# How to complete this task
The listing is to be repeated exactly, and its pictures are to be left out.

# Collected data
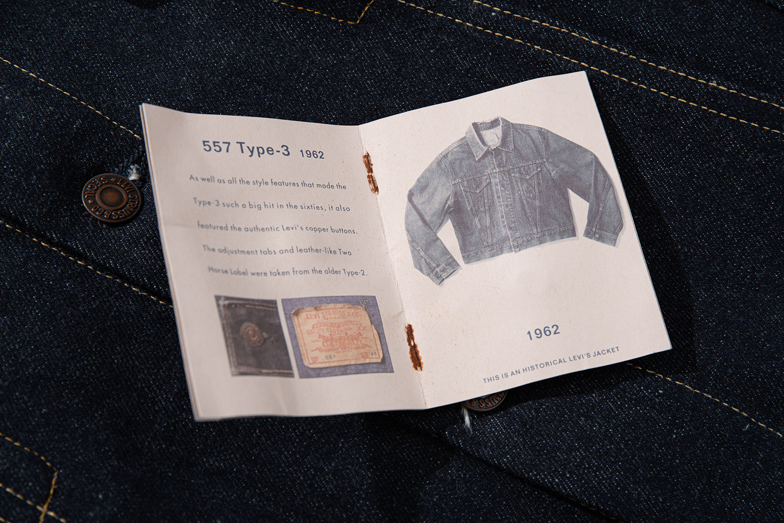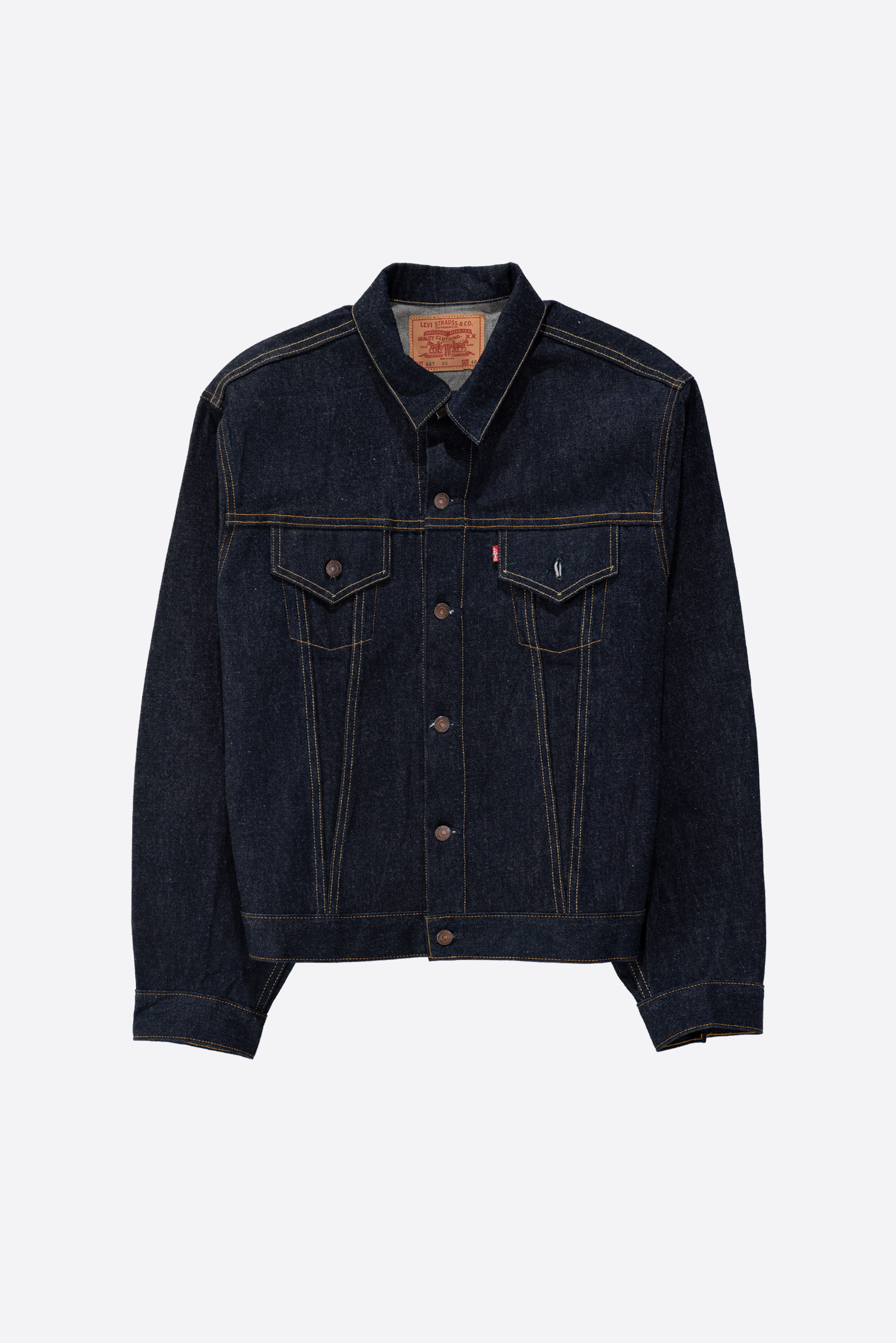 - 사진으로 확인 가능하듯 미사용품 데드스톡 컨디션이며 좌측 포켓에 브로셔까지 포함되어 있습니다. 논워시 리짓드 컬러인 0006 번으로 방축 가공이 되지 않아 세탁으로 수축이 발생하는 모델입니다. 통상적으론 한 사이즈 정도 작아진다고 보면 됩니다만 이는 세탁 방법이나 환경에 따라 차이가 발생하니 각설하도록 하겠습니다. 구매를 원하시는 분은, LVC 시리즈에 대한 이해가 충분하거나, 이 재킷을 구매하고 싶은데 LVC 소킹은 처음이다, 하시는 분이라면 공부를 충분히 하신 뒤 구매하시길 바랍니다.
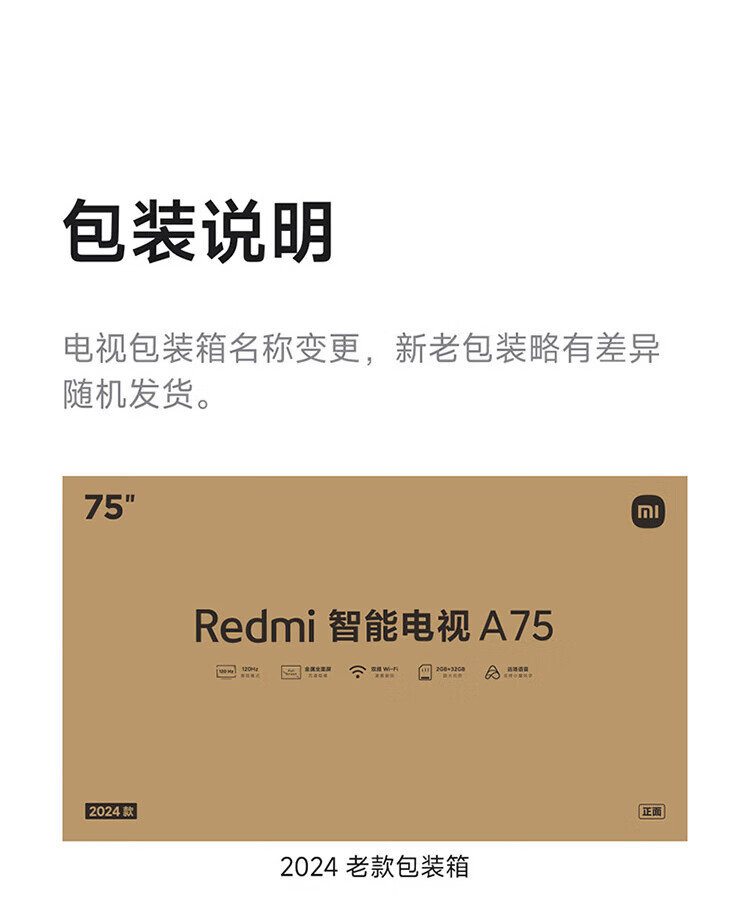 小米电视75英寸RedmiA75 2025版游戏竞技32G大存储小米OS澎湃系统4K超高清金属全面屏液晶平板 75英寸 Redmi A75 2025款
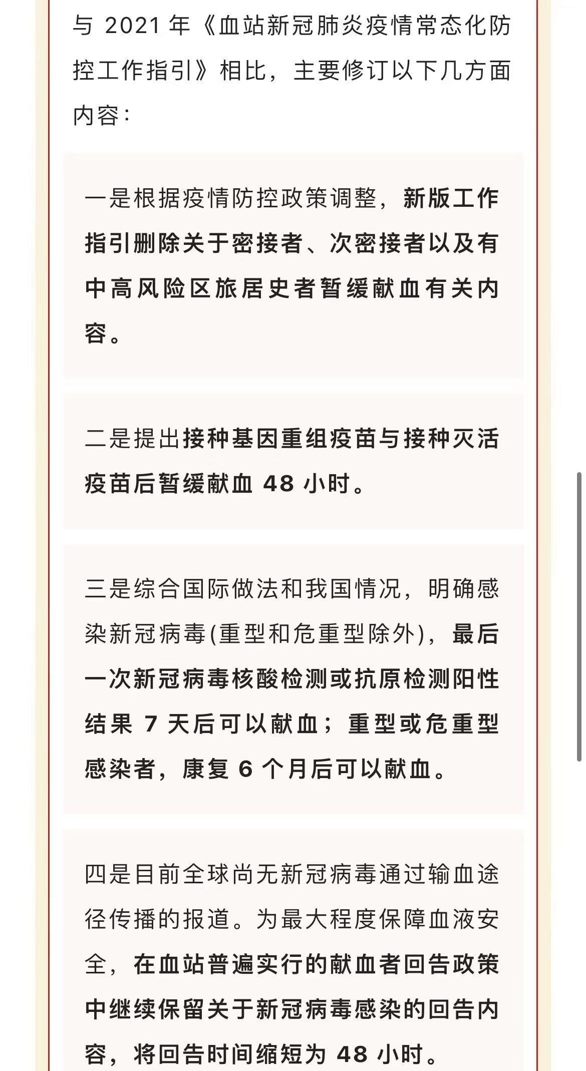 根据国家两部门前不久印发的《血站新冠病毒感染防控工作指引(第二版)》规定,新冠感染者转阴7天后可以献血,重型或危重型康复6个月后可以献血。
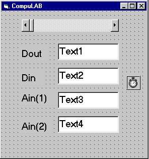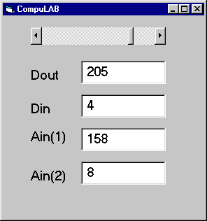 Private Sub Form_Load() INITCOMPULAB 2 ' FINDHARD 1 End Sub Private Sub Form_Unload(Cancel As Integer) CLOSECOM End Sub Private Sub Timer1_Timer() Ausgabe = HScroll1.Value Text1.Text = Str$(Ausgabe) DOUT Ausgabe Text2.Text = Str$(DIN()) Text3.Text = Str$(AIN(1)) Text4.Text = Str$(AIN(2)) End Sub

# Output for this exercise
 - 사진으로 확인 가능하듯 미사용품 데드스톡 컨디션이며 좌측 포켓에 브로셔까지 포함되어 있습니다. 논워시 리짓드 컬러인 0006 번으로 방축 가공이 되지 않아 세탁으로 수축이 발생하는 모델입니다. 통상적으론 한 사이즈 정도 작아진다고 보면 됩니다만 이는 세탁 방법이나 환경에 따라 차이가 발생하니 각설하도록 하겠습니다. 구매를 원하시는 분은, LVC 시리즈에 대한 이해가 충분하거나, 이 재킷을 구매하고 싶은데 LVC 소킹은 처음이다, 하시는 분이라면 공부를 충분히 하신 뒤 구매하시길 바랍니다.
 小米电视75英寸RedmiA75 2025版游戏竞技32G大存储小米OS澎湃系统4K超高清金属全面屏液晶平板 75英寸 Redmi A75 2025款
 根据国家两部门前不久印发的《血站新冠病毒感染防控工作指引(第二版)》规定,新冠感染者转阴7天后可以献血,重型或危重型康复6个月后可以献血。
 Private Sub Form_Load() INITCOMPULAB 2 ' FINDHARD 1 End Sub Private Sub Form_Unload(Cancel As Integer) CLOSECOM End Sub Private Sub Timer1_Timer() Ausgabe = HScroll1.Value Text1.Text = Str$(Ausgabe) DOUT Ausgabe Text2.Text = Str$(DIN()) Text3.Text = Str$(AIN(1)) Text4.Text = Str$(AIN(2)) End Sub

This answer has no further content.